Pussy Riot IX, Of films, riots and hatred IV: Notre Dame 1950
The cataclysm that followed went beyond anything expected by Mourre and his fellows, who first planned merely to let loose a few red balloons. The organist, warned that a disruption might take place, drowned out Mourre just after he pronounced the magic words “God is dead.” The rest of the speech was never delivered: swords drawn, the cathedral’s Swiss Guards rushed the conspirators and attempted to kill them. Mourre’s comrades took to the altar to shield him — one, Jean Rullier, twenty-five, had his face slashed open. The blasphemers escaped — his habit streaked with Rullier’s blood, Mourre gaily blessed the worshippers as he made for the exit — and were captured, rather rescued, by the police: having chased the four to the Seine, the crowd was on the verge of lynching them.
You may recall for comparison with this incident that the sum total of weaponry attributed to Christ’s disciples in the Gospels was two swords, worn on just the one evening —
And they said, Lord, behold, here are two swords.

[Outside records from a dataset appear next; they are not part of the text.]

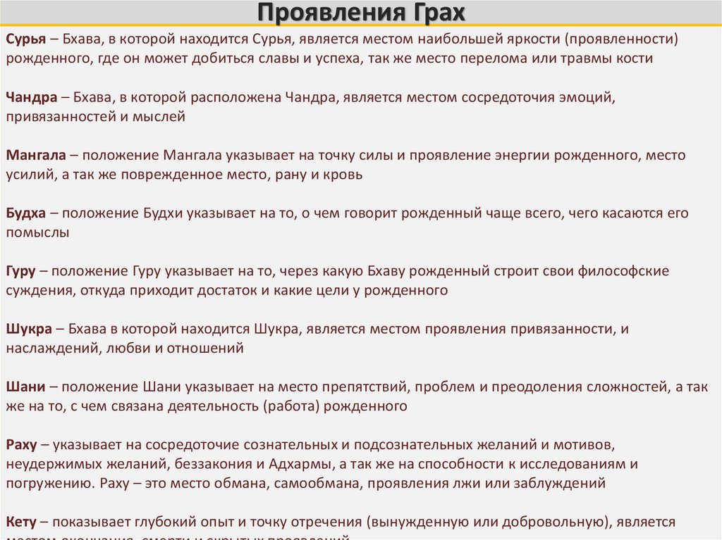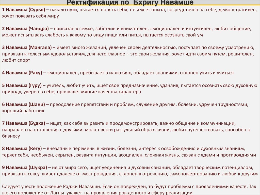 указывается так же и положение в Триконе или 7 Бхаве от Сурьи или Чандры в Шастьямше,
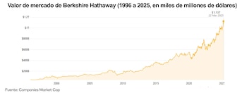 Entre puntas, de 1996 al viernes 21 de marzo, el valor de Berkshire Hathaway aumentó 2.590%, de 42.000 millones a 1,13 billones (millones de millones) de dólares. Alguien que en 1996 hubiere invertido 10.000 dólares en Berkshire podría hoy vender sus acciones en 269.000 dólares.
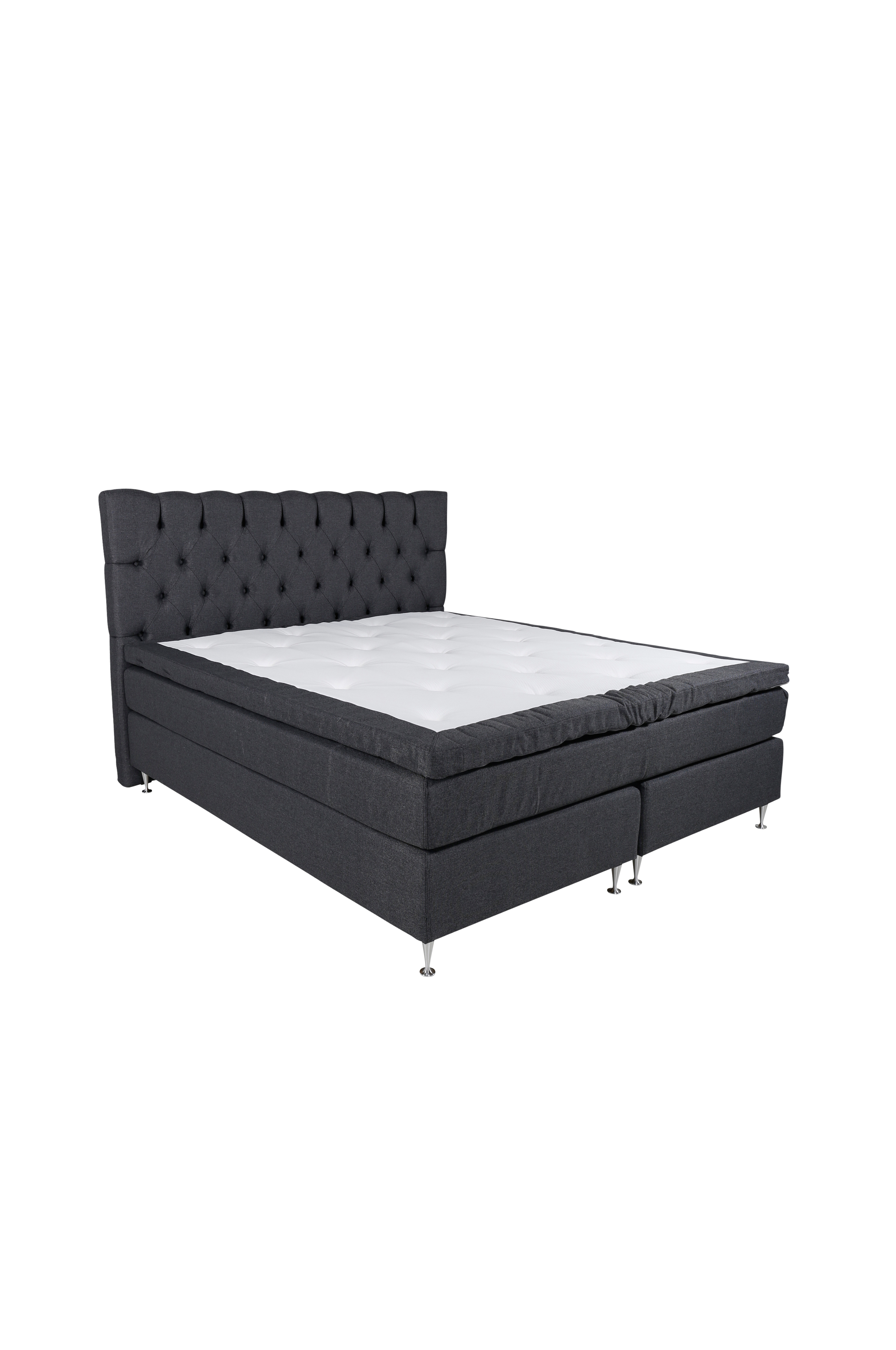 Sammantaget är sängen uppbyggd för att ge en skön sovkomfort samt ge ett enhetligt intryck i sin helklädda design. Hela sängen vilar på champangeben i silvrig aluminium.
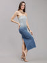 - The model with bust size 30", waist 26", hips 36" and height 5'8'' is wearing a size M.
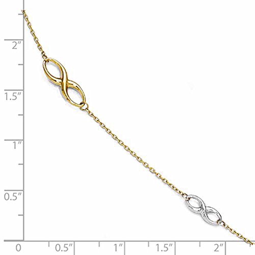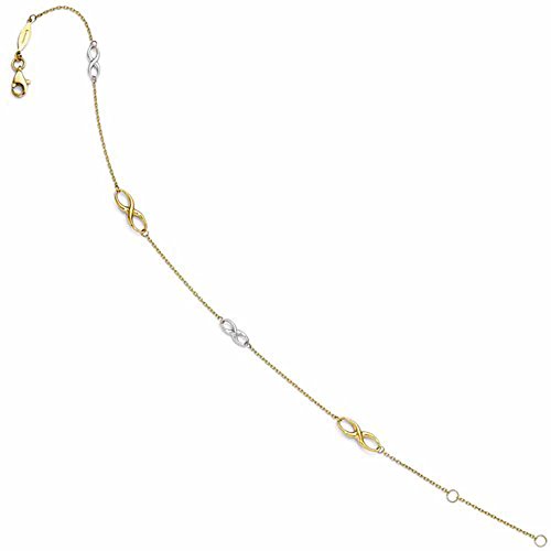 14k Gold Two Tone Infinity Anklet 9 Inches plus 1 Inch Extender with Lobster Clasp.
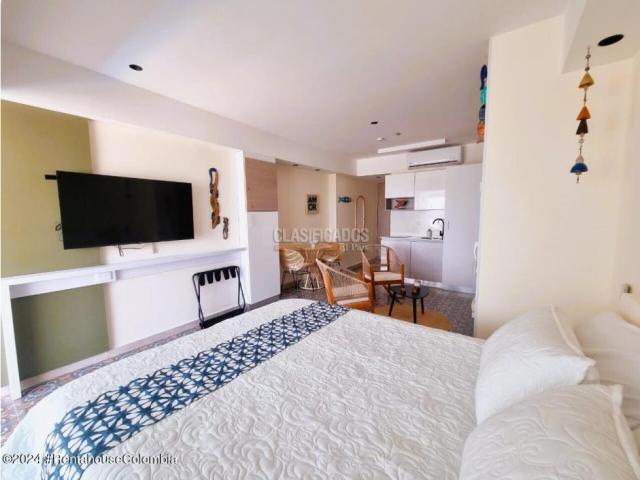 Apartamento en Cartagena (Bolivar) RAH CO: 26-346 - Excelente inversion en el barrio Crespo: Apartamento tipo suite de 43 m², ideal para renta turística. Ofrece cocina equipada y zona de ropas, cama Queen, balcón con vistas a la piscina, la ciénaga y el aeropuerto, además de baño con agua caliente y acabados de lujo. Ubicado a pasos del Paseo Marítimo y las playas de Crespo, con amenidades de hotel que incluyen piscinas, spa salón de reuniones, vigilancia 24 horas y un elegante lobby. ¡Disfruta del confort y la exclusividad en cada detalle! - 26-346... - Código 9825528
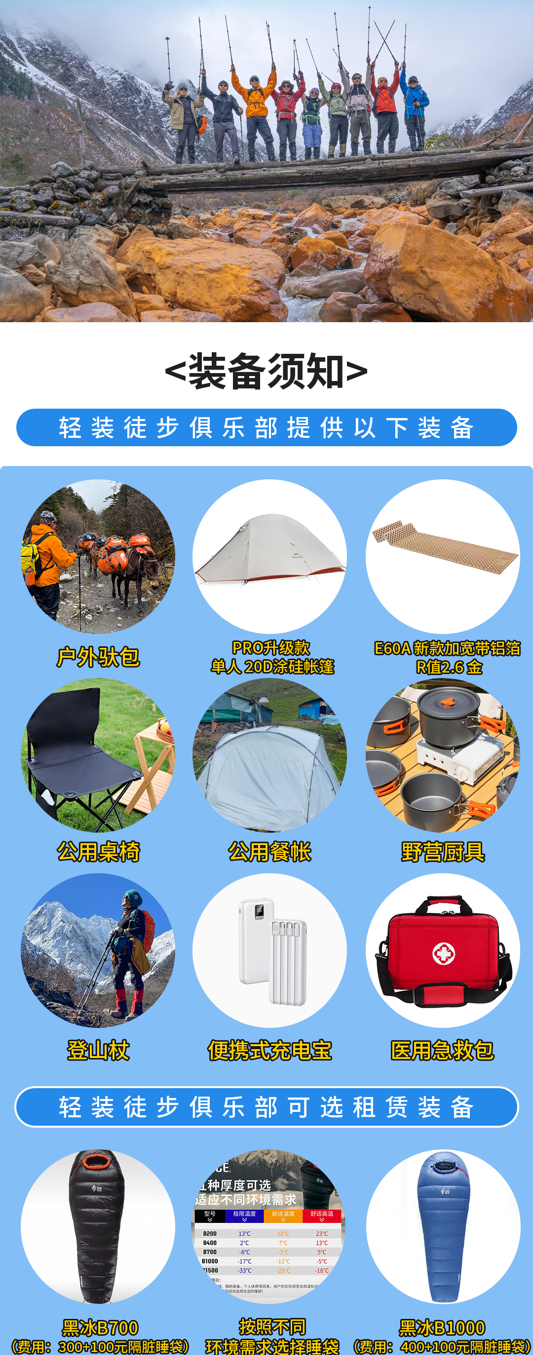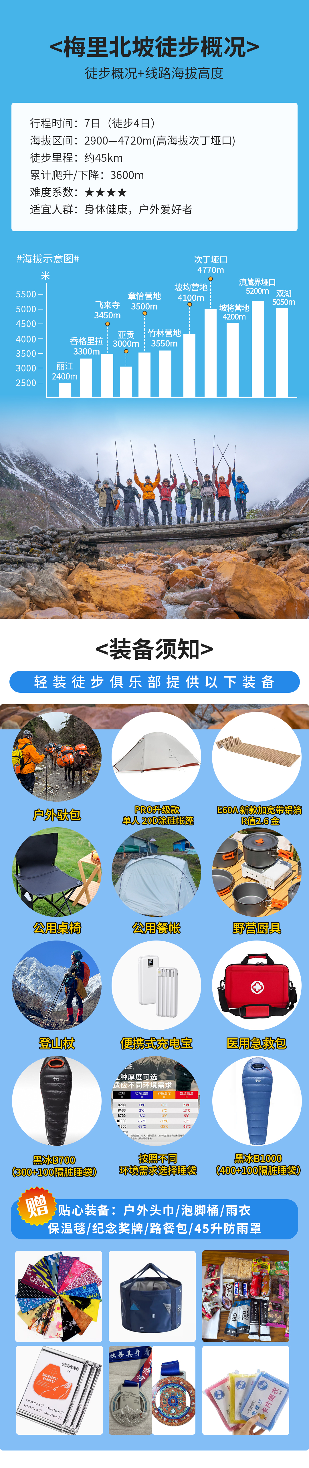 5、体力要求:本次行程全程轻装,每天徒步5~8小时,身体健康,有一定户外经验,无重大疾病史者均可参加。
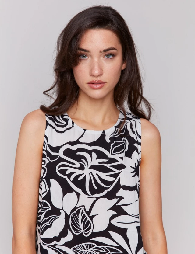 Black & White Abstract Print Sleeveless Top with Back Keyhole by Charlie B
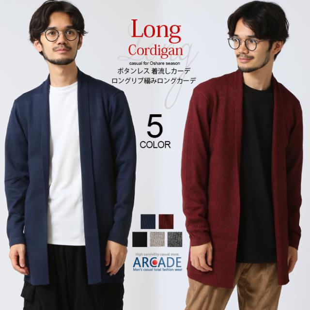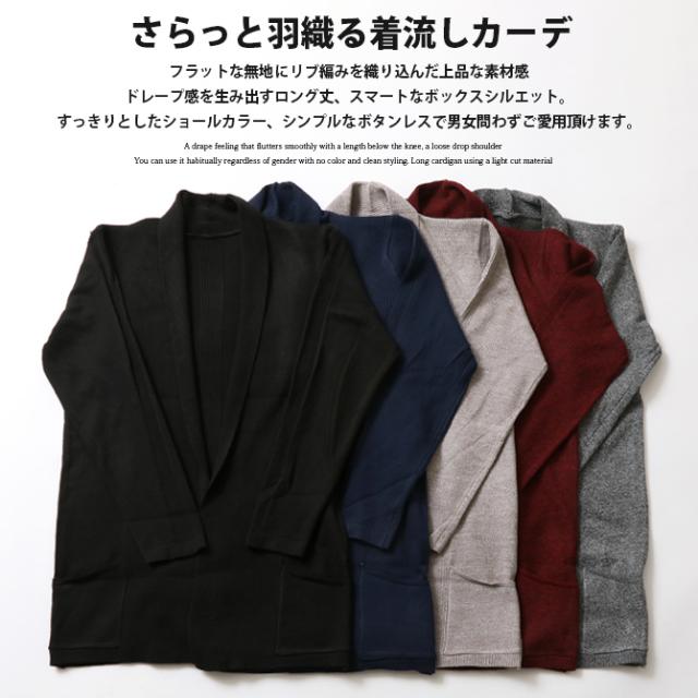 カーディガン メンズ 秋新作 ロングカーディガン 無地 ボタンレス 着流しカーディガン
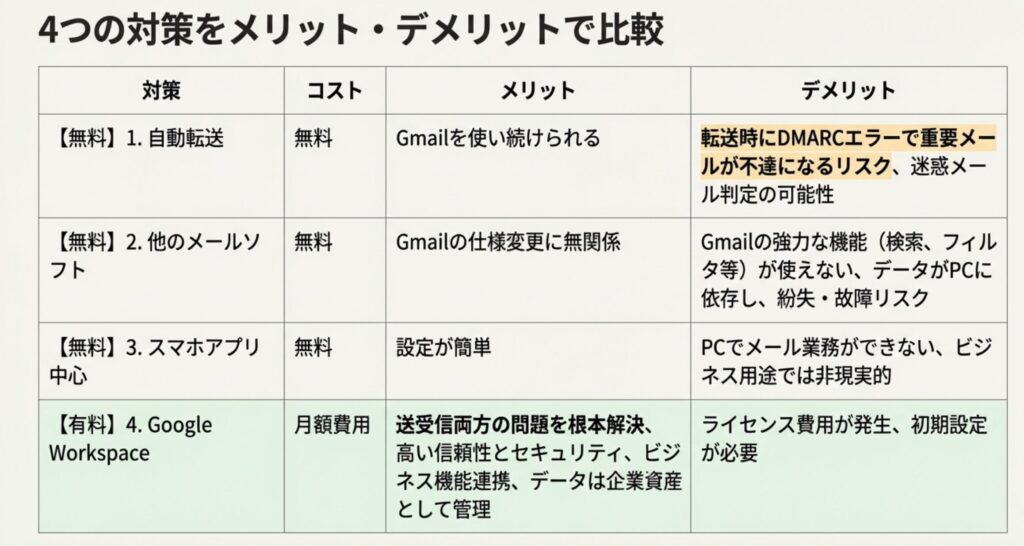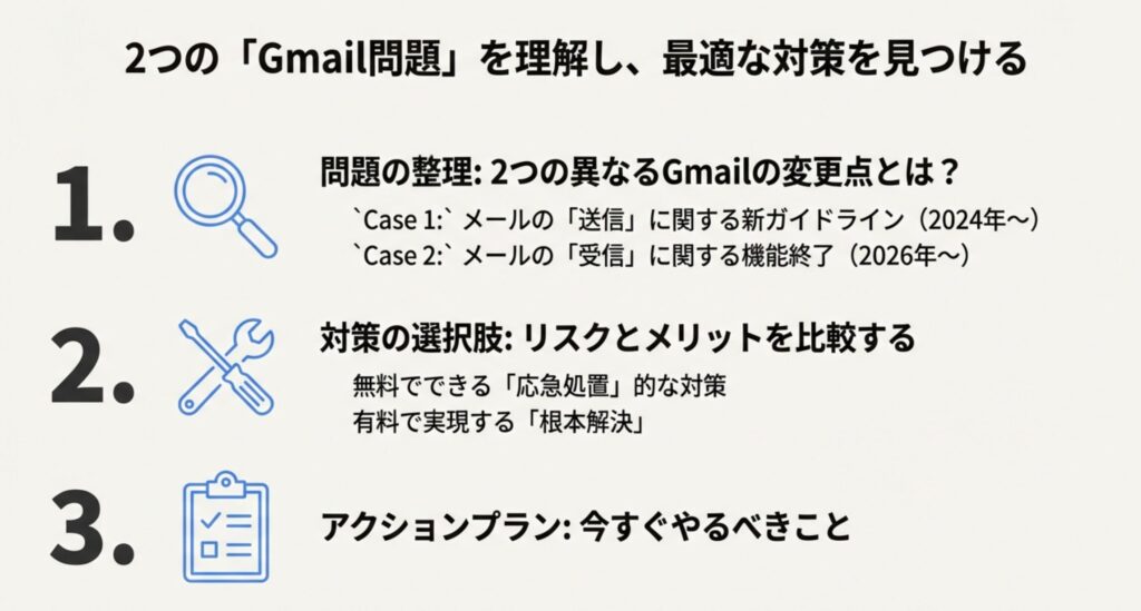 学習のヒント: これまで使えていたPOP方式が終了するのは、セキュリティの向上と、より安全で便利なクラウド同期への移行を促すGoogleの戦略の一環です。では、私たちは具体的にどの対策を選べば良いのでしょうか?次のセクションで見ていきましょう。

And he said unto them, It is enough.
— [Luke 22.38], and that the sum total of wounds inflicted by those swords was the loss of one ear, which was quickly and miraculously replaced by the savior himself —
And one of them smote the servant of the high priest, and cut off his right ear. And Jesus answered and said, Suffer ye thus far. And he touched his ear, and healed him.
— [Luke 22:50-51]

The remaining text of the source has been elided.